Nephi isn't wrong at all. Nephi doesn't say what city the Savior was to be born in. That's the point in all the standard works of the Church, the only sources that say that Jesus was born at Bethlehem are Matthew and Luke and not only do they completely contradict each other about how he got from there to Nazareth, their accounts of why he was born at Bethlehem but raised in Nazareth are not credible historically.

Matthew says Joseph moved to Nazareth because he was afraid of Herod's son who became ruler in Judea which is not a valid excuse for him to "turn aside" into Galilee because one of Herod's other sons was also a ruler in Galilee.
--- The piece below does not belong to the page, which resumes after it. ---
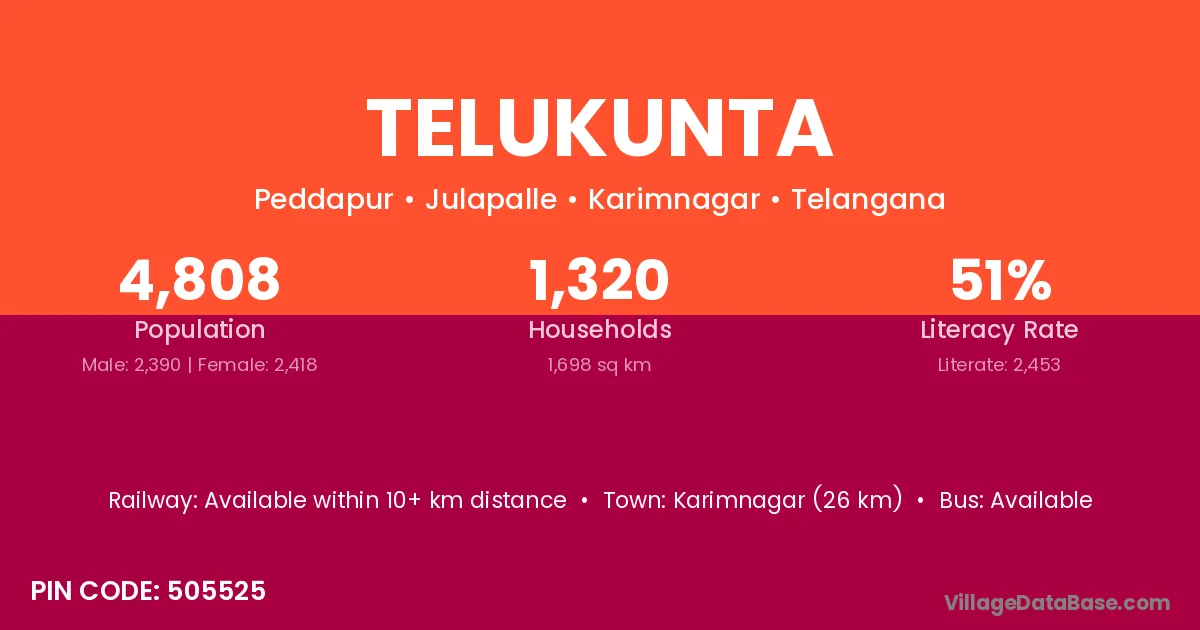 Karimnagar (26 km) is the nearest town to Telukunta village for major economic activities and is located approximately 26 km away.

Luke says that Jesus' parents already came from Nazareth and had to travel to Bethlehem because of the census of Quirinius which is not a valid excuse for getting Jesus to Bethlehem because Roman census' didnt require people to register at the town of their ancestory (not to mention the fact that the census took place in 6 AD the same year that Herod Archelaus - the ruler of Judea Joseph was trying to avoid in Matthew - was banished and seven years after Joseph Smith said the Savior was born).

In other words, Matthew and Luke both try to explain how Jesus was born at Bethlehem and raised in Nazareth. They both contradict each other and they both provide unhistorically credible reasons for how it happened. Since these two authors are the only ones in scripture who ascribe Jesus' birth at Bethlehem (John practically denies the idea that Jesus was born at Bethlehem) and since their accounts can't be trusted in the slightest, chances are the Savior was never born in Bethlehem at all.

I don't really care whether Jesus was born at Bethlehem or not but the point is that if he was it didn't happen the way Matthew and Luke said it did.